Connection Was Closed - When One Line of Code Breaks Everything
Connection Was Closed - When One Line of Code Breaks Everything
Six o'clock on December 24th. Instead of preparing for Christmas Eve celebrations, our team was staring at monitoring dashboards. Thousands of transactions were failing with the same message: "Connection was closed".
This system had been running stable for 4 months of integration. Occasionally there were similar errors in UAT, but everyone thought it was an infrastructure issue - restart and it's fixed. That night, we realized we were wrong.
The First Clue
Around midnight, after ruling out everything from Kubernetes to sidecars, one team member noticed something strange: "The first few requests don't fail. After some time, it starts failing."
This made me pause. If it were an infrastructure issue, errors would occur randomly or immediately. But the pattern "first request OK, subsequent requests fail" suggested something was accumulating.
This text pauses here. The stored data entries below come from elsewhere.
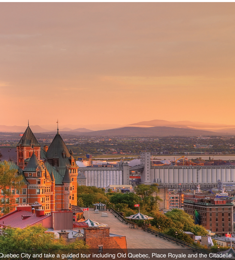
Quebec City and take a guided tour including Old Quebec, Place Royale and the Citadelle

DAY 6 Honey Bees, English Teas and Saint Michel: Begin at Miellerie Lune de Miel Honey Farm where this family-run business produces honey products. Learn its production and taste the sweetness. Then, stop for English High Tea in Quebec's fashionable Eastern Townships. In Sherbrooke, a local guide conducts a tour of the city's sites including the immense frescos highlighting the region's rich heritage and visit the Basilica-Cathedral of Saint Michel, a Gothic masterpiece. Meals: B, D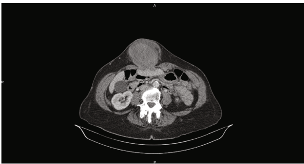
FIGURE 2: Axial section of injected CT abdominal scanner demonstrating herniation of liver segment III through the linea alba .

normal (Hb 13.3 g/dL), WBC count reached 20800/mm 3 with presence of a discrete inflammatory syndrome (CRP 47 mg/L), and hepatic cytolysis ranged twenty times the normal values (GOT 796 U/L, GPT 895 U/L, and LDH 671 U/L).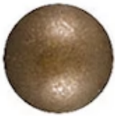
Nail Color: Natural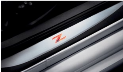
Illuminated Kick Plates (2-piece)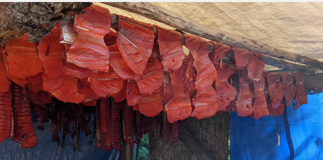
Smoking Salmon at the TNG Gathering, September 2022

You can find a copy with live links on the Division website here . The toolkit will eventually live on the CIR PCN cultural safety website that is under development.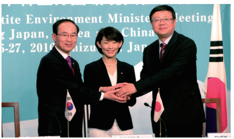
18<sup>th</sup> Tripartite Environment Ministers' Meeting (TEMM18)

The 18th Tripartite Environment Ministers' Meeting (TEMM18) was held among Ministry of the Environment of Japan, Ministry of Environment of the ROK, and Ministry of Environmental Protection of China in Shizuoka, Japan on April 27, 2016. At the meeting, the three ministers introduced the latest development of environmental policies in each country, discussed major policies to address global and regional environmental issues such as "2030 Agenda for Sustainable Development" and the "Paris Agreement". Ministers also reviewed progress on the 9 priority areas of the "Tripartite Joint Action Plan on Environmental Cooperation (2015-2019)". The "MOU of Tripartite Cooperation Network for Environmental Pollution Prevention and Control Technologies" was signed by the three ministries. On the occasion of TEMM18, the Tripartite Roundtable on Environmental Business, themed "Active Role of Environmental Industry in the Regional Transition to Green Economy", and the Youth Forum, themed "Nature's Benefit to People", were held among business and youth representatives from the three countries.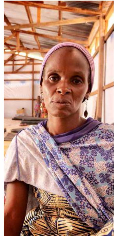
Caption: Female refugee who fled her village in Central African Republic to seek refuge in Cameroon poses for a photo at the reception centre.

In 2010, the Ministry of Social Affairs, National Solidarity and Family initiated a process to compare the family law with relevant national and international legislation and highlight possible contradictory or discriminatory provisions. Several challenges were identified and discussed at two workshops in Bangui in 2010. Since the law allows polygamy, 34 this was discussed at length and amendments were proposed. Provisions on succession and inheritance were not deemed to be discriminatory against women. However, the high number of co-habiting couples and lack of legal protection of partners was highlighted as a concern. 35 The status of proposed amendments to the law is currently unclear. 36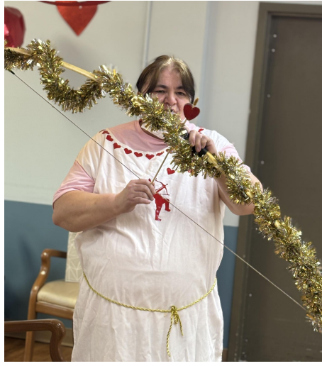
It was such a special Valentine's Day this year that Cupid even made an appearance

Then another colleague nailed it at 12:55 AM: "If server closes connection, client throws exception immediately when submitting. Not after waiting."
Immediately. Not timeout. This was the most important clue.
A Tale of Handshakes
To understand the problem, I need to tell you a story about how computers "talk" to each other.
Imagine calling someone on the phone. Before you can talk, you have to wait for them to pick up, say "Hello", then you respond. That's a handshake - a necessary ritual before exchanging information.
TCP connections work the same way. Every time a client wants to send a request to a server, they must "shake hands" first:
Client: "I want to connect" (SYN)
Server: "OK, I'm ready" (SYN-ACK)
Client: "Great, let's begin" (ACK)Sounds simple, but each handshake costs about 1.5 round trips across the network. With a server in Singapore and client in Vietnam, each round trip takes ~50ms. That means each handshake costs ~75ms.
Now imagine you have 100 requests. If each request needs its own handshake, you lose 7.5 seconds just... saying hello. Haven't done anything yet.
The Solution: Keep the Line Open
In 1997, the designers of HTTP/1.1 had a simple idea: Why hang up after each question?
Instead of:
- Call → Ask → Hang up
- Call → Ask → Hang up
- Call → Ask → Hang up
They proposed:
- Call → Ask → Ask again → Ask again → ... → Done, then hang up
This is HTTP Keep-Alive. One connection stays open for multiple requests. 100 requests now need only one handshake.
Connection Pool - When Efficiency Meets Complexity
Engineers took it further. They thought: "If Keep-Alive is good, why not prepare multiple connections in advance?"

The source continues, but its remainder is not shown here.